• _Data records_:
[Start of section]
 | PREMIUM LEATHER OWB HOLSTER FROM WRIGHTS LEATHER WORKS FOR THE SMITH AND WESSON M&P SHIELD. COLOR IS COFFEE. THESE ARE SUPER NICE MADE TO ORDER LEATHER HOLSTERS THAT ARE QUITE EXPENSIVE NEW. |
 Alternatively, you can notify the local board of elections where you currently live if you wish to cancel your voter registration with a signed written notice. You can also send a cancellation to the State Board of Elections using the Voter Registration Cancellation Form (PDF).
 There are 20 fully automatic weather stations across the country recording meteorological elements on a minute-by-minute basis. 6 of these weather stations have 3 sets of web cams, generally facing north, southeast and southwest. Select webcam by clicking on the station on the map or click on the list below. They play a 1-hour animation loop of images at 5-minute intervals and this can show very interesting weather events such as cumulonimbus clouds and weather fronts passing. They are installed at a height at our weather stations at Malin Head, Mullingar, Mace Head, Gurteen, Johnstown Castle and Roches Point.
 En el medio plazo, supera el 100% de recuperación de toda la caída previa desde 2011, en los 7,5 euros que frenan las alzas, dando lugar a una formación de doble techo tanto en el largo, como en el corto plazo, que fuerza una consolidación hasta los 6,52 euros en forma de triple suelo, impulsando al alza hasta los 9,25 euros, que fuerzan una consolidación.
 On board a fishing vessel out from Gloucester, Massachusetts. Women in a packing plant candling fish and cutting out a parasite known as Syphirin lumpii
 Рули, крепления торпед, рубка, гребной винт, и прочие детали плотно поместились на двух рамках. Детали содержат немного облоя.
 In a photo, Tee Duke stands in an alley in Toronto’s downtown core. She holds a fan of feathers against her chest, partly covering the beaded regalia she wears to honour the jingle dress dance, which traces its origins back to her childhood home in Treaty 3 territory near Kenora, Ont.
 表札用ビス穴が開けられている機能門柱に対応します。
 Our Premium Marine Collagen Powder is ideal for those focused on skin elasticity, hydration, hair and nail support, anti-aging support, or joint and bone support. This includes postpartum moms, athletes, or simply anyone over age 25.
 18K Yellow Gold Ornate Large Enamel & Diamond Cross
[End of section]
[Start of section]
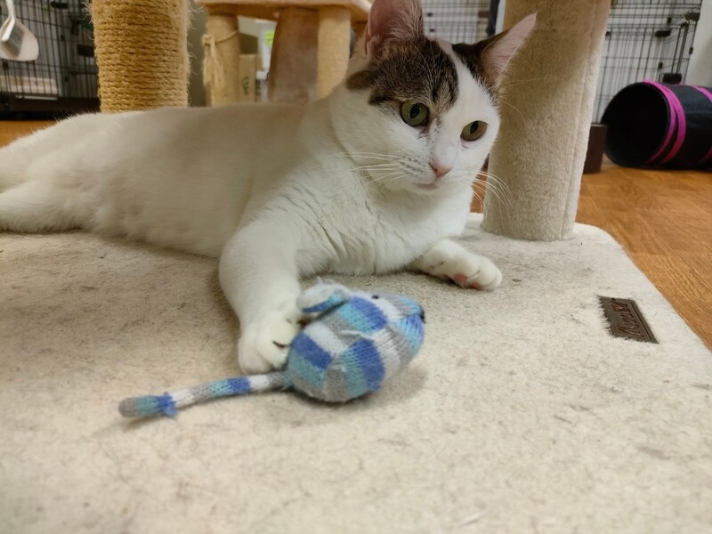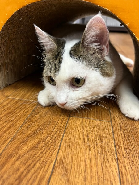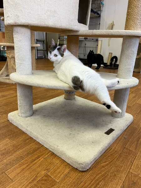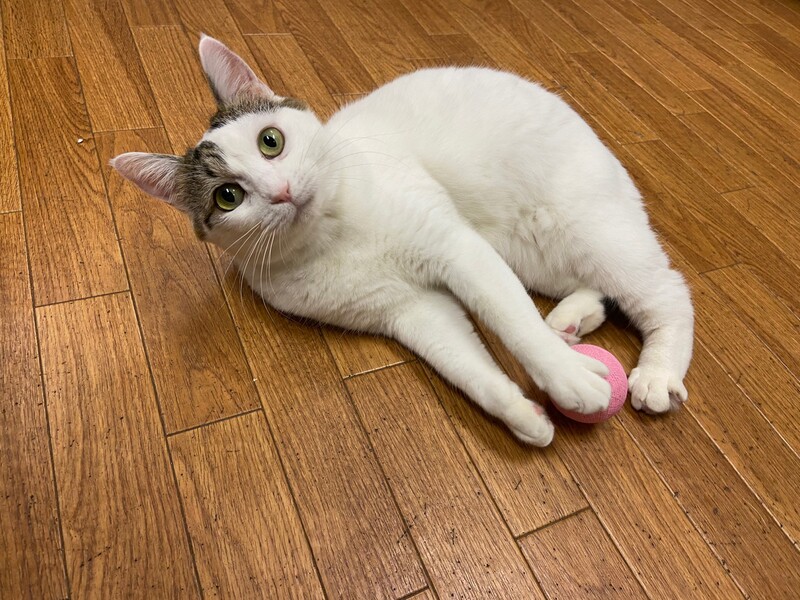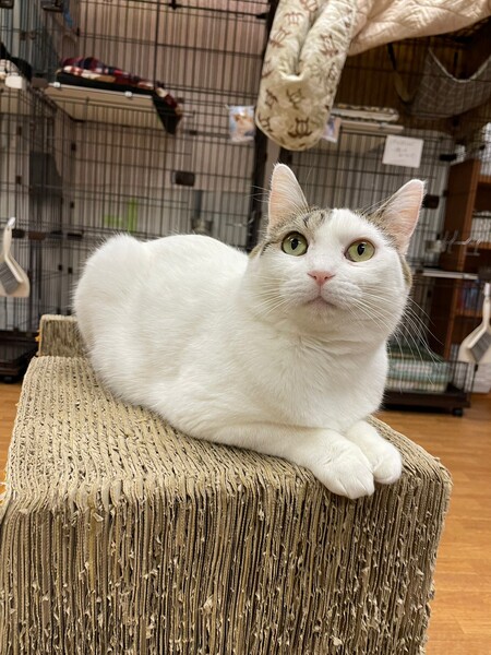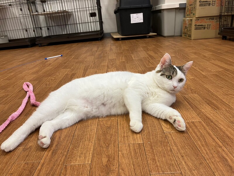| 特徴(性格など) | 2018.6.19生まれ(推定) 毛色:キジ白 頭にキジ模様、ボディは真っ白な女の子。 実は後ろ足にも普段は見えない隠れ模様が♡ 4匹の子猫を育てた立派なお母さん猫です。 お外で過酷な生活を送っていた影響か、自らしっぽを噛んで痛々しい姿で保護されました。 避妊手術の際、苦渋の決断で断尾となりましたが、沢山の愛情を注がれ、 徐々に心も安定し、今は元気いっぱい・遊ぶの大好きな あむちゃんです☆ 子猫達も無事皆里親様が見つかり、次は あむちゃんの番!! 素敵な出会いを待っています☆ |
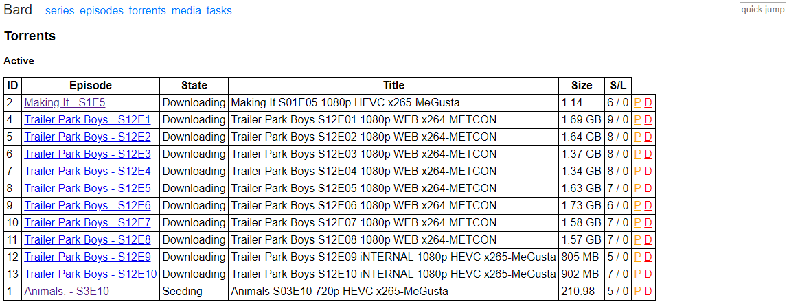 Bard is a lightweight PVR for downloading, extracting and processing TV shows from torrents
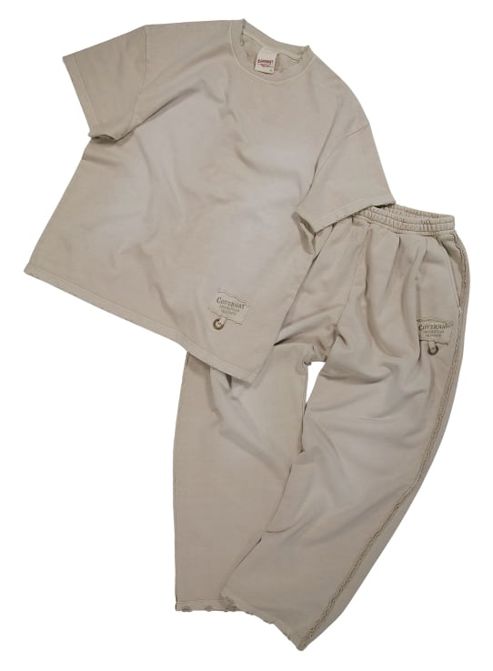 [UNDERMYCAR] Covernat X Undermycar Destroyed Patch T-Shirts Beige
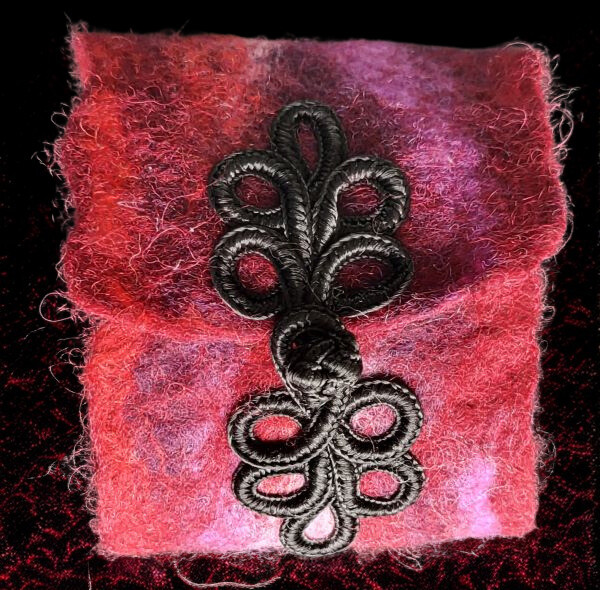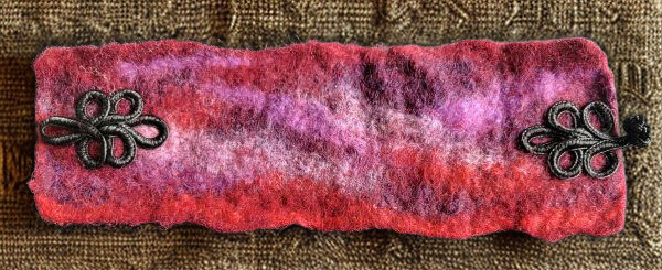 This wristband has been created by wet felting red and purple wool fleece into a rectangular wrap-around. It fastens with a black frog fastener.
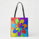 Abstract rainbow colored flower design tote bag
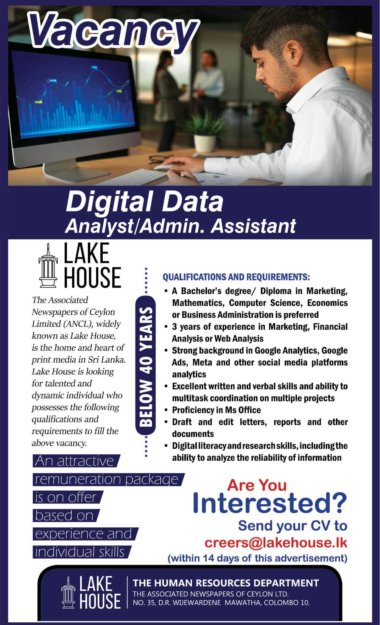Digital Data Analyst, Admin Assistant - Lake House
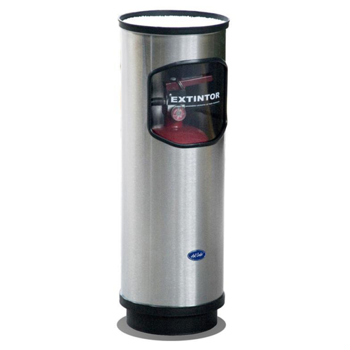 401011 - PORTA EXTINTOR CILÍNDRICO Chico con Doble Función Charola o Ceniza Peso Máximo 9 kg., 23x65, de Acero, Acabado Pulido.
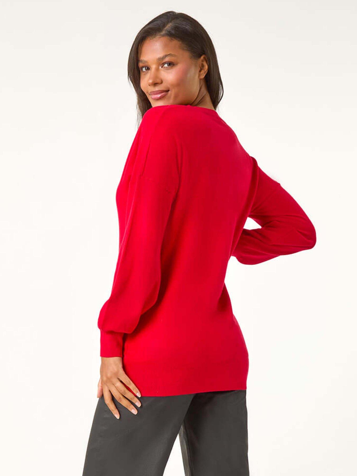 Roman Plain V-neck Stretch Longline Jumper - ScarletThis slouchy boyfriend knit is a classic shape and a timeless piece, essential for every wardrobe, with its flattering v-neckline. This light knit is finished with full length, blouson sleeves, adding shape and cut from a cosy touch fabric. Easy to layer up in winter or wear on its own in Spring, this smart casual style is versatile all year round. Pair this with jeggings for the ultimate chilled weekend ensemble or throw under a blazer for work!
[End of section]
• _Task objective_: In the listing above, find the line containing "あむちゃんの番!! 素敵な出会いを待っています☆ |" and the line containing "Roman Plain V-neck"; print those lines and every line between them exactly, leaving out pictures.

• _Expected answer_:
| 特徴(性格など) | 2018.6.19生まれ(推定) 毛色:キジ白 頭にキジ模様、ボディは真っ白な女の子。 実は後ろ足にも普段は見えない隠れ模様が♡ 4匹の子猫を育てた立派なお母さん猫です。 お外で過酷な生活を送っていた影響か、自らしっぽを噛んで痛々しい姿で保護されました。 避妊手術の際、苦渋の決断で断尾となりましたが、沢山の愛情を注がれ、 徐々に心も安定し、今は元気いっぱい・遊ぶの大好きな あむちゃんです☆ 子猫達も無事皆里親様が見つかり、次は あむちゃんの番!! 素敵な出会いを待っています☆ |
 Bard is a lightweight PVR for downloading, extracting and processing TV shows from torrents
 [UNDERMYCAR] Covernat X Undermycar Destroyed Patch T-Shirts Beige
 This wristband has been created by wet felting red and purple wool fleece into a rectangular wrap-around. It fastens with a black frog fastener.
 Abstract rainbow colored flower design tote bag
Digital Data Analyst, Admin Assistant - Lake House
 401011 - PORTA EXTINTOR CILÍNDRICO Chico con Doble Función Charola o Ceniza Peso Máximo 9 kg., 23x65, de Acero, Acabado Pulido.
 Roman Plain V-neck Stretch Longline Jumper - ScarletThis slouchy boyfriend knit is a classic shape and a timeless piece, essential for every wardrobe, with its flattering v-neckline. This light knit is finished with full length, blouson sleeves, adding shape and cut from a cosy touch fabric. Easy to layer up in winter or wear on its own in Spring, this smart casual style is versatile all year round. Pair this with jeggings for the ultimate chilled weekend ensemble or throw under a blazer for work!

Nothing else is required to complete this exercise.